WARNING: This blog contains conversations about my life. It can be cruel but it's the truth from the way I percive it. I don't always use nice words and sometimes I share a little bit too much. I don't put on a happy face in the midst of hard times because that's what inspires others. If you have an issue please navigate away from this page now.

baby growth

Sunday, January 16, 2011

Military Spouses in the Workplace

The more I talk about this subject the more I hear horror stories about women who have degrees and can't find a job solely because they are married to the military. This is concerning me since I just started to go back to school so that I could get a job once stationed. My school cost us out of pocket $1600 plus books and supplies. I'm very confident that I will pass and get my certification, but I'm scared that I'm not going to find a job because my husband is part of the United States Navy.

This is one thing I believe shouldnt even be an issue. Our men and women leave to fight for the country that all these businesses are grounded on and yet they deny jobs to the ones left behind. Makes me go HMM! I'm not complaining about being left behind because, yes, I knew what the job intailed when I agreed to this, but I dont believe that I should have to worry about going stir crazy while he is gone because I can't get a job. I know I could find things to do with my time but why not put my knowledge and the moneywe spent for school to good use and actually make a buck because we all know that the service barely pays enough to cover cost of living.

Saturday, January 15, 2011

Oh Baby!

It is safe to say that the two week wait is over and I am not pregnant. =/ I have mixed feelings about this. I now get to spend my 21st birthday like it should be spent and the next three months can be completely spent focusing on school. But I want a little baby so badly. I never imagined I would want one for the next five years, but I do. I never dreamed it would be this hard to conceive either. B and I tried every month for 6 months before he left for basic and nothing. Obviously the Navy has handicapped the process since then. However, we have continued to try everytime we are together and as far as I know everything lines up. Im ovulating on time and still getting nothing. I know I am healthy and able now we are getting concerned that B isn't able to provide children. I will be crushed if we aren't able to have a baby.

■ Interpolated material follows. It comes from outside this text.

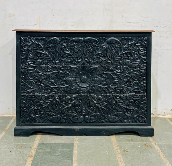 An elegant black chest of drawers handcrafted in India, featuring a beautiful hand carved decorative design this statement storage piece suits bedrooms, living rooms, and hallways. The refined carved detailing and timeless black finish add luxury to boho, coastal, and classic interiors. Ideal for stylish home storage, this handcrafted wooden drawers unit offers practical space with standout artisan character.

I'm finding that everyone around me is pregnant and it's starting to piss me off. Why are the "women" who are 16 able to get pregnant but not me? What about the people who trick their partner into having a baby by telling them they are on the pill but really aren't? And the women who have these babies and then the dad bails or the mother doesn't tell the father? And for god's sake why in hell are the couples who have to be on state aid to support their 3 babies able to get pregnant? It seems so unfair. There are so many people I know and see who treat their children like crap and can't support their children and they had no problem getting pregnant. What about the "oops" babies? Where they only kept the kid because abortion seemed wrong and they didn't mean to get pregnant? If you're going to be a good parent and support your child on your own I'm totally fine with the "oops" but if you're not going to be able to do that don't have sex or use pretection because for Christ's sake there are people out there that struggle trying to conceive and it pisses them off to see you using your child as a meal ticket and treating them poorly. Plus, they shouldnt have to pay for something you should be responsible for.

My rant is over for now!

Tuesday, January 4, 2011

2011!

Missed blogging alot lately esp. since I feel I'm keeing so many secrects. This is supposed to be the place I came and let everything out. Well since my last post I qui my job and signed up for Winter semester at my local community college that I attended a couple of years ago but for financial reasons had to stop going. I'm going back for a certification as a nurses aid for now and will later go back and finish as an RN. I did this 4 days before B was supposed to return home for Christmas.

B was let off duty early and was able to surprise me two days early. I was a very happy wife. To make it better it was perfect timing for baby making. lol I'm going nuts rigt now bc I'm in the 2ww. I dont feel I can wait any longer, I need to know now. lol We spent christmas with his family since mine is very small and seperated by at least 3 hours. We vegged out alot and played our new games for the wii and such. New years was spent at the resturant that his mom works at. It was very nice. And four hours into the new year I took my husband to the airport to return him to his "owners" It was sad but very promising.

We knew that once he left we have about 3 more months until he and I both are done with our classes. And that he would be taking his test to become a petty officer. He will then get stationed somewhere hopefully and I will get to move out of this house. Ah I can't wait!

So for my class I have to wear hunter green colored scrubs. From head to toe I look like a giant green bean. It's torture and I love it.